» EXERCISE REQUIREMENTS: Print the records below exactly, omitting all pictures.

» DATASET RECORDS:
════════
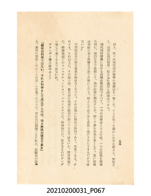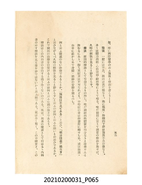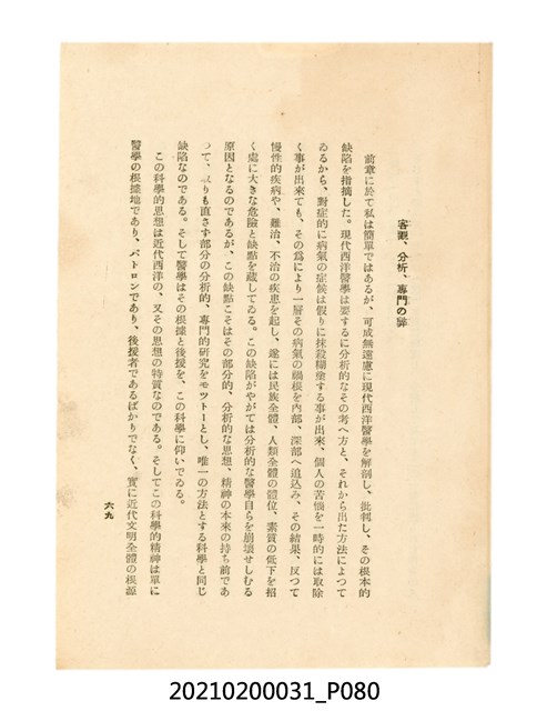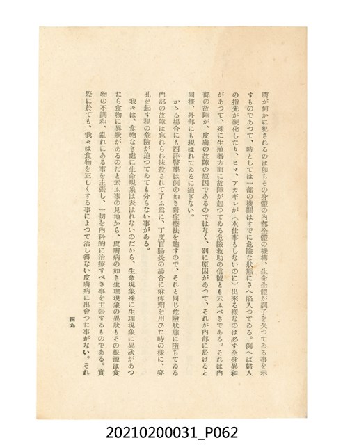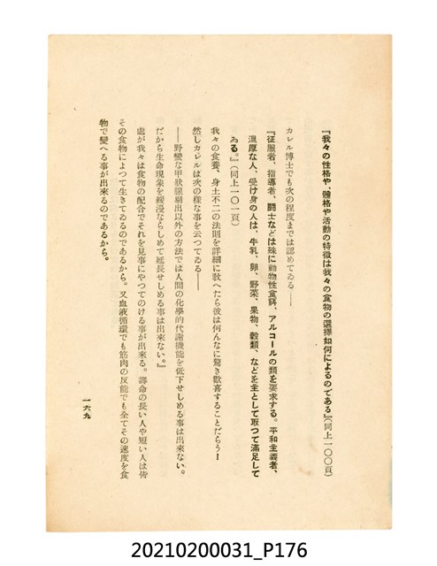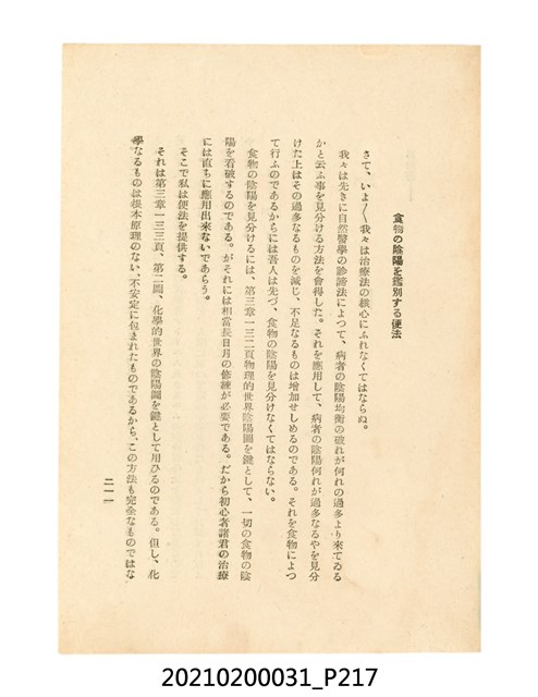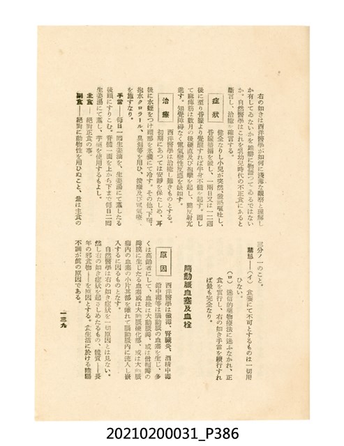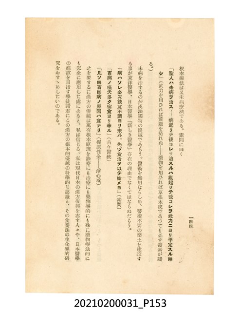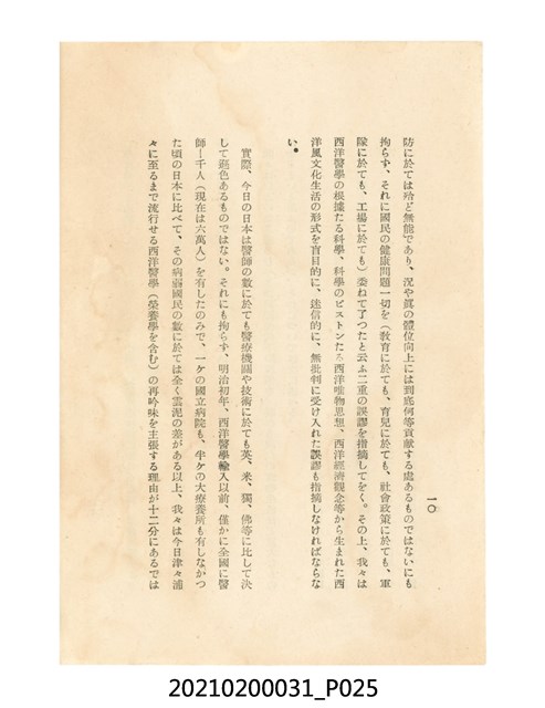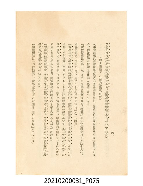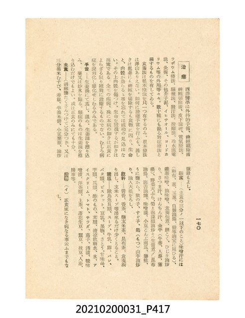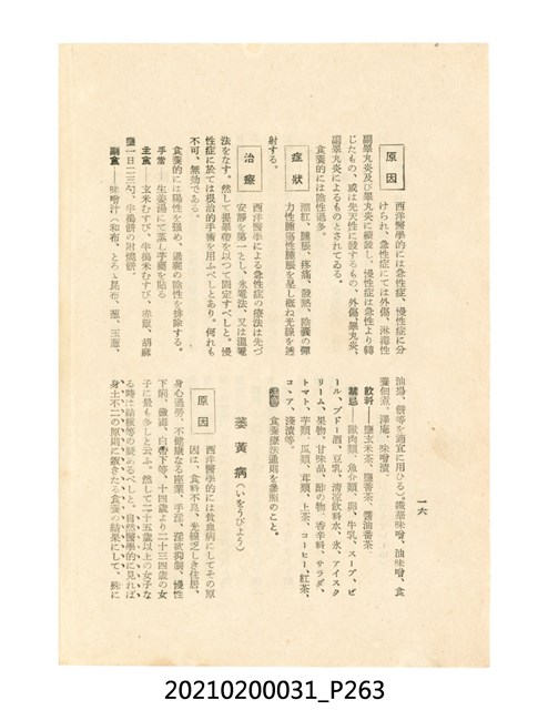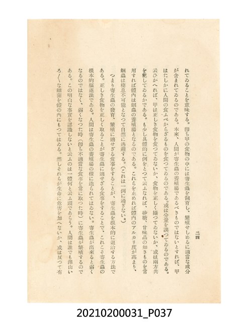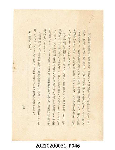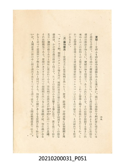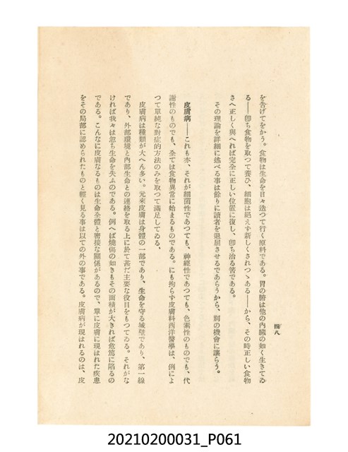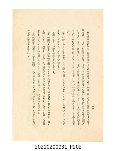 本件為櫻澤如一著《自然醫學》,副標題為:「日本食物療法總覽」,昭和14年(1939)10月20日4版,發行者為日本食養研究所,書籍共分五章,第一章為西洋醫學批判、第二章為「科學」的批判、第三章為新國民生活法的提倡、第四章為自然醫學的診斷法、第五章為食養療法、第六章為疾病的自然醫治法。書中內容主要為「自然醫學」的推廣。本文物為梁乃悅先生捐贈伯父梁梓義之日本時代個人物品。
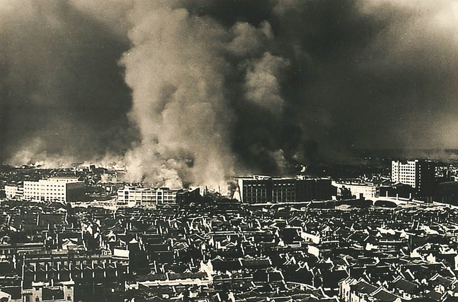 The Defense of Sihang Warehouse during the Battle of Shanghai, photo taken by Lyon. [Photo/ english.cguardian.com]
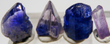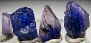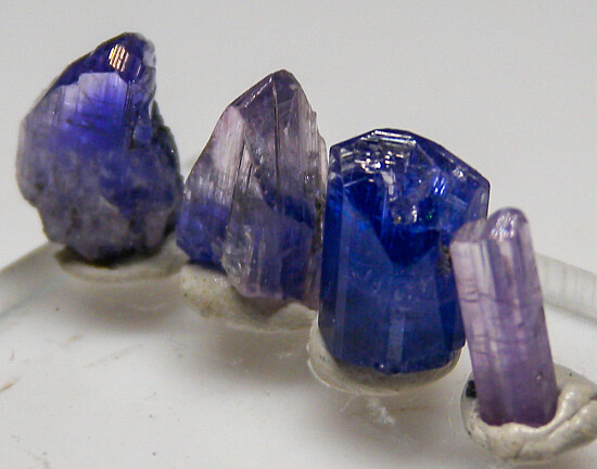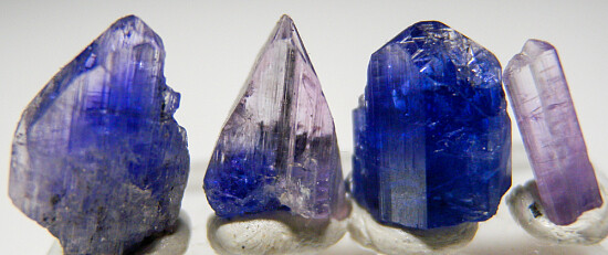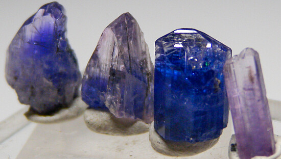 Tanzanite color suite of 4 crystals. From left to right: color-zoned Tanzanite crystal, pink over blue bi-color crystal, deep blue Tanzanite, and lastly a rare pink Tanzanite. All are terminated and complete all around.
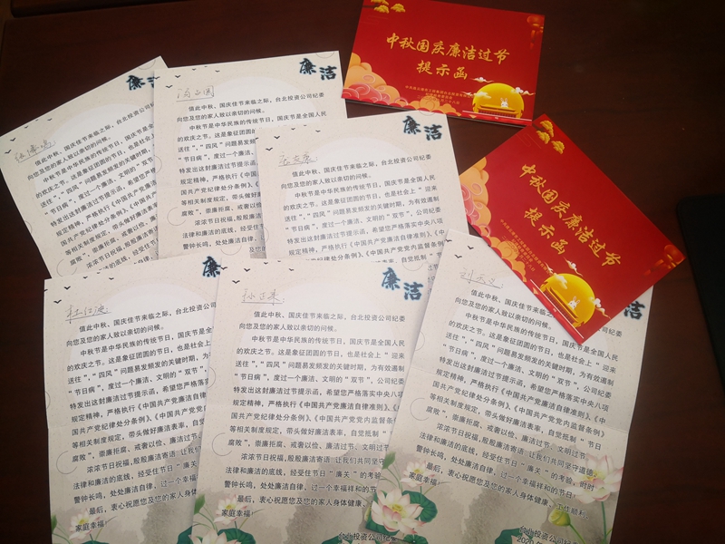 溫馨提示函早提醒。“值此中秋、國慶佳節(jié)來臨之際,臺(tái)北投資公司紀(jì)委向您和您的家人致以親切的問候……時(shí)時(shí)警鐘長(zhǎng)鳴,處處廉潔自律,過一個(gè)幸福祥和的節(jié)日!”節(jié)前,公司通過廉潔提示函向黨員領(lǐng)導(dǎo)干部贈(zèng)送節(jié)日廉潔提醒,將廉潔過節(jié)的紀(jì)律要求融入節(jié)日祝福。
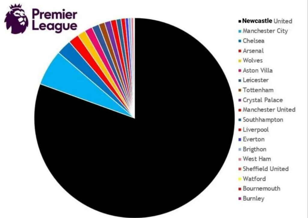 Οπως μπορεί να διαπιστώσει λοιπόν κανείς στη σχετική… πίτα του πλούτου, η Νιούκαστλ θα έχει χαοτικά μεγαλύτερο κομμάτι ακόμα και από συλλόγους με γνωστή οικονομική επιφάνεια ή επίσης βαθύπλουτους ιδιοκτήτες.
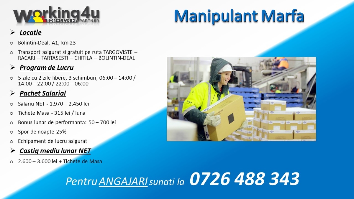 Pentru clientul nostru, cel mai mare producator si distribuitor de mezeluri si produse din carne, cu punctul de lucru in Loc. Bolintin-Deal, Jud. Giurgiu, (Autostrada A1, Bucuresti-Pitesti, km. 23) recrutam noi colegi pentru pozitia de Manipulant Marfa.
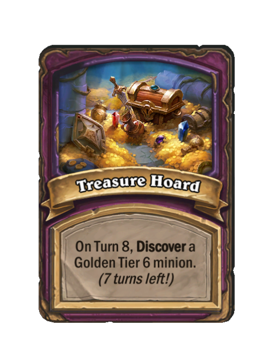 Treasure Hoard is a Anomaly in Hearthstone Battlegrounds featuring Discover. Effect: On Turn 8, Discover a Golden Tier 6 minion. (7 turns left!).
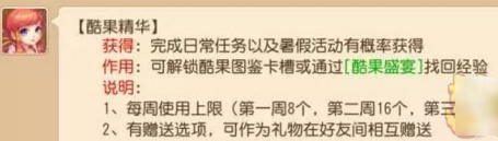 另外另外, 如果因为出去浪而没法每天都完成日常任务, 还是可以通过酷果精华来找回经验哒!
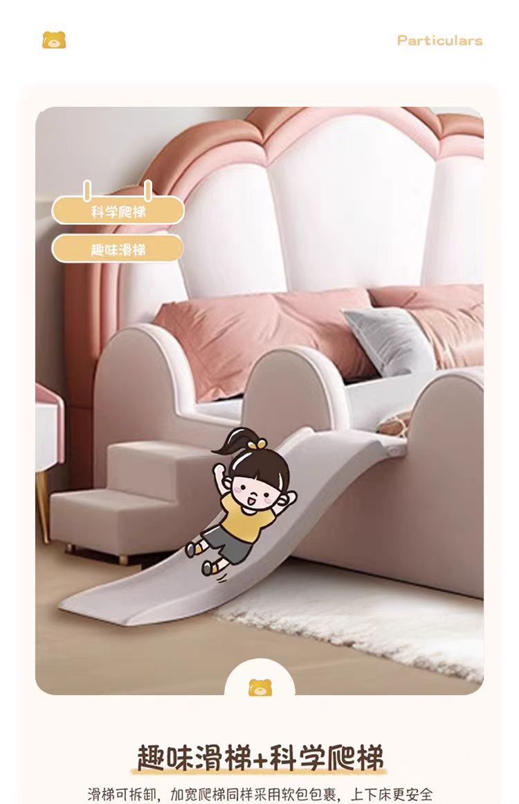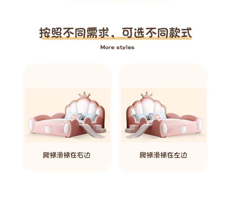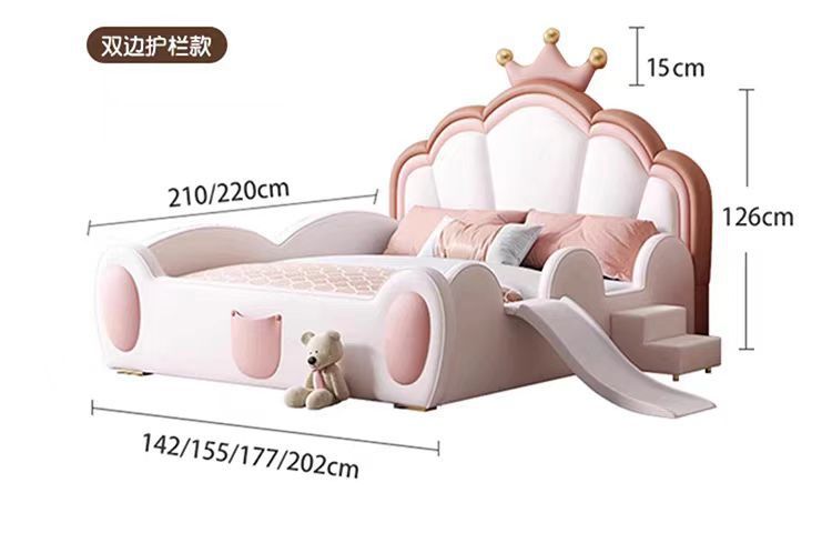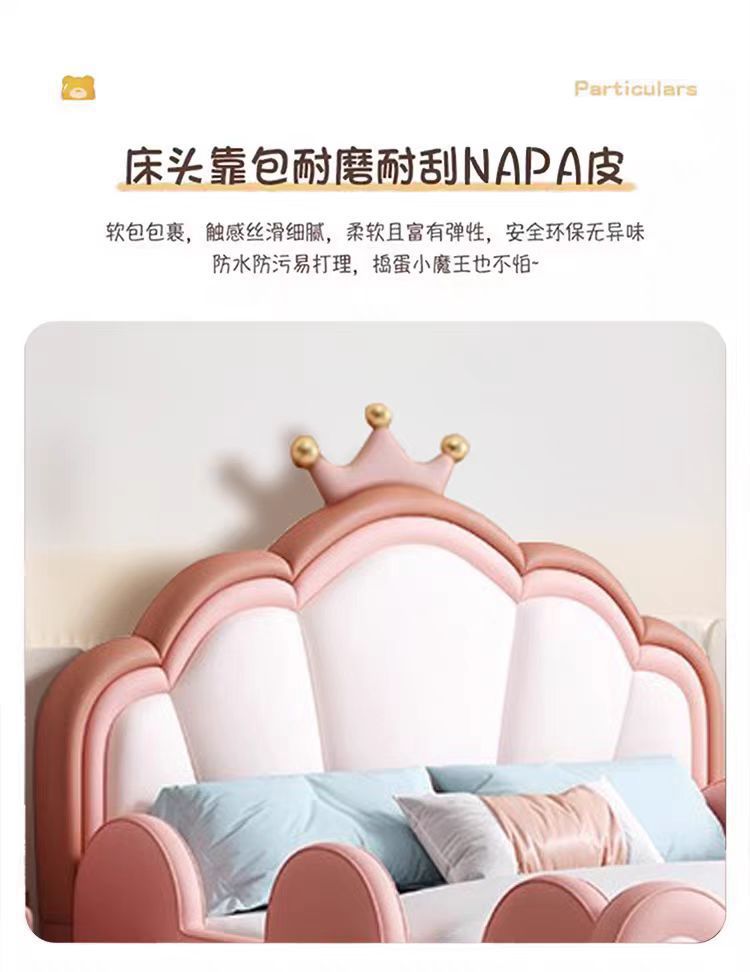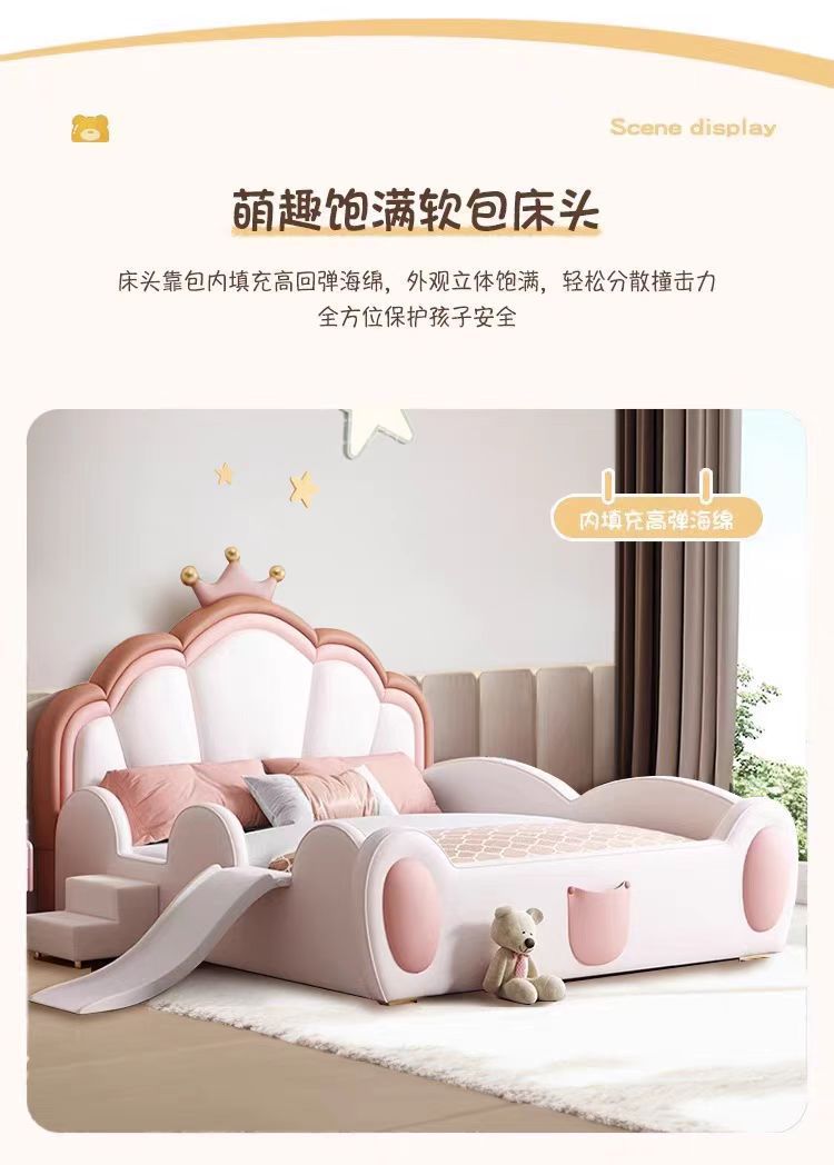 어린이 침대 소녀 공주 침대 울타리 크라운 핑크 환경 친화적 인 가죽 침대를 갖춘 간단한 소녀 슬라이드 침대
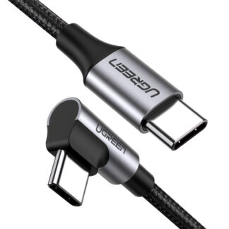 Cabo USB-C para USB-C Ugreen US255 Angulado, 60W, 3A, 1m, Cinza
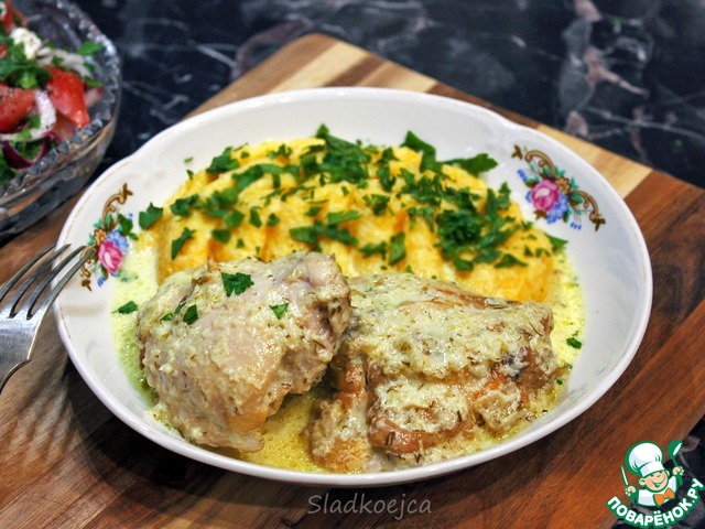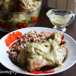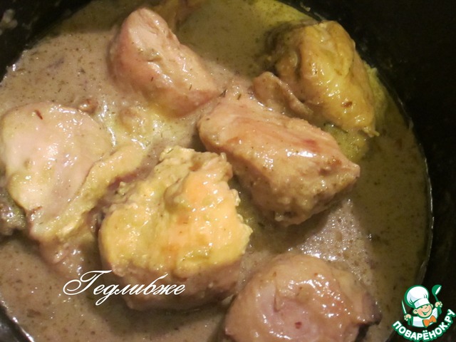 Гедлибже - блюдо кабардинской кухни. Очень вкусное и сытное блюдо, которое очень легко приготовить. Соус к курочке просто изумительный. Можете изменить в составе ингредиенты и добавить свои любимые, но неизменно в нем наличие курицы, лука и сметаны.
════════
» SOLUTION FOR THIS EXERCISE:
 本件為櫻澤如一著《自然醫學》,副標題為:「日本食物療法總覽」,昭和14年(1939)10月20日4版,發行者為日本食養研究所,書籍共分五章,第一章為西洋醫學批判、第二章為「科學」的批判、第三章為新國民生活法的提倡、第四章為自然醫學的診斷法、第五章為食養療法、第六章為疾病的自然醫治法。書中內容主要為「自然醫學」的推廣。本文物為梁乃悅先生捐贈伯父梁梓義之日本時代個人物品。
 The Defense of Sihang Warehouse during the Battle of Shanghai, photo taken by Lyon. [Photo/ english.cguardian.com]
 Tanzanite color suite of 4 crystals. From left to right: color-zoned Tanzanite crystal, pink over blue bi-color crystal, deep blue Tanzanite, and lastly a rare pink Tanzanite. All are terminated and complete all around.
 溫馨提示函早提醒。“值此中秋、國慶佳節(jié)來臨之際,臺(tái)北投資公司紀(jì)委向您和您的家人致以親切的問候……時(shí)時(shí)警鐘長(zhǎng)鳴,處處廉潔自律,過一個(gè)幸福祥和的節(jié)日!”節(jié)前,公司通過廉潔提示函向黨員領(lǐng)導(dǎo)干部贈(zèng)送節(jié)日廉潔提醒,將廉潔過節(jié)的紀(jì)律要求融入節(jié)日祝福。
 Οπως μπορεί να διαπιστώσει λοιπόν κανείς στη σχετική… πίτα του πλούτου, η Νιούκαστλ θα έχει χαοτικά μεγαλύτερο κομμάτι ακόμα και από συλλόγους με γνωστή οικονομική επιφάνεια ή επίσης βαθύπλουτους ιδιοκτήτες.
 Pentru clientul nostru, cel mai mare producator si distribuitor de mezeluri si produse din carne, cu punctul de lucru in Loc. Bolintin-Deal, Jud. Giurgiu, (Autostrada A1, Bucuresti-Pitesti, km. 23) recrutam noi colegi pentru pozitia de Manipulant Marfa.
 Treasure Hoard is a Anomaly in Hearthstone Battlegrounds featuring Discover. Effect: On Turn 8, Discover a Golden Tier 6 minion. (7 turns left!).
 另外另外, 如果因为出去浪而没法每天都完成日常任务, 还是可以通过酷果精华来找回经验哒!
 어린이 침대 소녀 공주 침대 울타리 크라운 핑크 환경 친화적 인 가죽 침대를 갖춘 간단한 소녀 슬라이드 침대
 Cabo USB-C para USB-C Ugreen US255 Angulado, 60W, 3A, 1m, Cinza
 Гедлибже - блюдо кабардинской кухни. Очень вкусное и сытное блюдо, которое очень легко приготовить. Соус к курочке просто изумительный. Можете изменить в составе ингредиенты и добавить свои любимые, но неизменно в нем наличие курицы, лука и сметаны.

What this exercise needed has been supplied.